(Task data Opens)

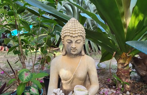 Also called The Cat House, we have 5 shy rescue cats that lounge around the garden.
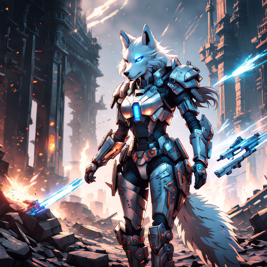 A powerful anthropomorphic wolf warrior standing on a ravaged battlefield. She wears form-fitting mech armor with glowing blue accents, accentuating her feminine figure in a cyberpunk aesthetic.
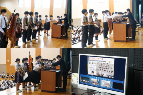 7月20日(火)、1学期終業式に引き続き表彰伝達式・部活動壮行会を行いました。表彰伝達式では各クラブ・個人の健闘に対し、副校長から表彰と労いの言葉がありました。
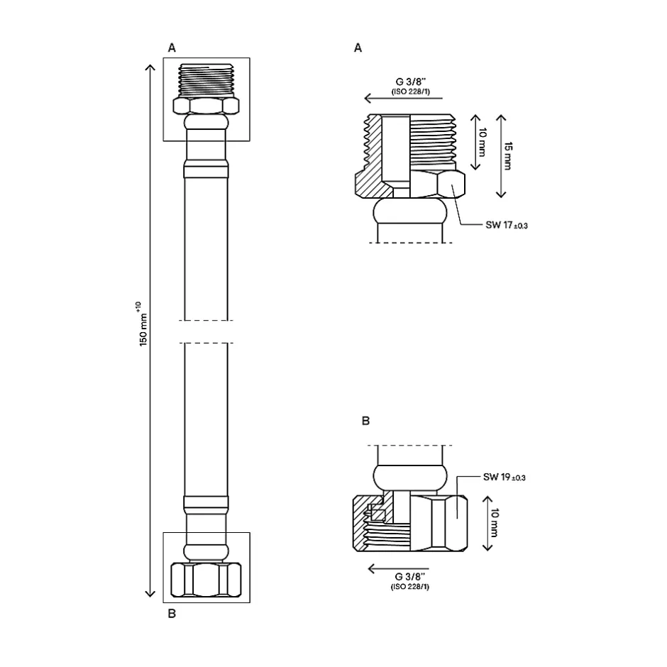 Flexible d’alimentation Flomasta Mâle/Femelle 12×17 longueur 15 cm
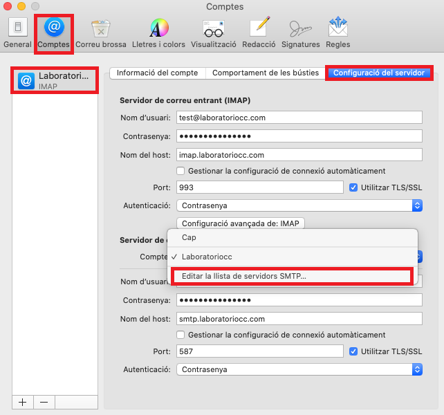 En Informació del servidor, ves a Servidor de correu sortint (SMTP), fes clic a Edita la llista de servidors SMTP
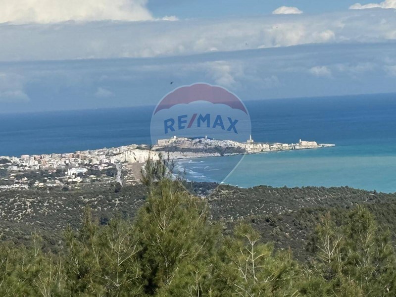 Da ogni angolo della proprietà si apre uno scenario spettacolare: il blu intenso del mare, la costa frastagliata e, sullo sfondo, il profilo bianco di Vieste che si staglia contro il cielo.
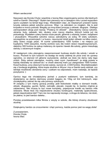 Witam serdecznie! Nazywam się Dorota Chyla i wspólnie z Iwoną Stec organizujemy pomoc dla biednych szkół w Gambi. Dlaczego? Byłam tam pierwszy raz w ubiegłym roku i przed wyjazdem sporo czytałam na temat tego kraju. Wiedziałam więc ,że niepisanym prawem każdy turysta zabiera jakieś szkolne pomoce. Więc i ja zabrałam co mogłam. Ale to jest kropelka w morzu potrzeb. Biegały za mną dzieci prosząc o ołówek, długopis . Dlatego zainicjowałam akcję pod nazwą: "Podaruj mi ołówek" . Zbierałyśmy rzeczy szkolne, ubrania, buty, zabawki, leki, okulary oraz rzeczy zbędne, których ludzie już nie potrzebują. Wysłałam cztery bardzo duże paczki, głównie z odzieżą, butam, książkami i pluszakami. Wszystkie szkolne rzeczy zabrałyśmy ze sobą. W wielu szkołach, szczególnie na prowincjach i w buszu, nauczyciel dzieli jeden ołówek na kilka cześci, żeby dzieci mogły pisać. W sumie uzbierałyśmy 1000 funtów i na miejscu już kupiłyśmy 1000 zeszytów, trochę worków ryżu dla rodzin dzieci niepełnosprawnych, dałyśmy 300 funtów na zakup materacy do spania i ławek dla szkoły, gdzie mieszkają sieroty z ościennych krajów. W następnym roku planujemy zasponsorować budowę studni dla szkoły i wioski w buszu. Pozwoli to tym ludziom na dostęp do wody zdatnej do picia oraz do uprawy ogrodów, co stanowi ich główne wyżywienie. Jednak we dwie nie damy rady tego zrobić. Żeby zebrać pieniądze, musimy mieć czym „handlować”; ja stoję prawie w każdą niedzielę na carboot’cie i w chwili obecnej mam juz utargowane 1000 funtów. Koszt budowy, przy obecnym kursie waluty, wynosi ok. 2,500 funtów. Skontaktowałam się z fundacją angielską, która kopie studnie w Afryce i ma w Gambi swój oddział, czy istnieje możliwość obniżenia ceny i czekam na odpowiedź, mam nadzieje, że będzie pozytywna :) Oprócz tego nie chciałybyśmy jechać z pustymi walizkami, tym bardziej, że dostaniemy za darmo darmowy przelot bagażu do 10kg od linii lotniczych, więc chciałybyśmy zebrać ile się uda pomocy szkolnych. W związku z tym mamy goracą prośbę: jeśli ktokolwiek miałby w domach kredki, ołówki, długopisy, gumki, farbki, ostrzałki, plecaki, mazaki itp. to bardzo chętnie je zabierzemy. Nie muszą to być nowe komplety, pojedyncze kredki są bardzo mile widziane. Może ktoś ma niepotrzebne okulary korekcyjne, materiały opatrunkowe, jakieś niepotrzebne leki? Tam nie ma naprawdę niczego, a droga do lekarza, nie dość, że płatna, to jest bardzo daleka... Poniżej przedstawiam kilka filmów z wizyty w szkole, dla której chcemy zbudować studnię. Dziękujemy bardzo za zrozumienie i chęć pomocy, każda pomoc jest na wagę złota! Z poważaniem, Dorota Chyla Iwona Stec
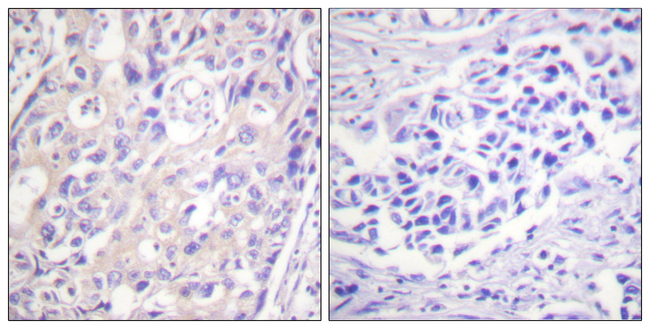 - Immunohistochemistry analysis of paraffin-embedded human breast carcinoma, using p90 RSK (Phospho-Thr359+Ser363) Antibody. The picture on the right is blocked with the phospho peptide.

(Task data Closes)

[Exercise prompt]:
Exercise for the records above: copy only the lines from the one with "Flexible d’alimentation Flomasta" to the one with "En Informació del", both ends kept, and drop the pictures.

[Response]:
 Flexible d’alimentation Flomasta Mâle/Femelle 12×17 longueur 15 cm
 En Informació del servidor, ves a Servidor de correu sortint (SMTP), fes clic a Edita la llista de servidors SMTP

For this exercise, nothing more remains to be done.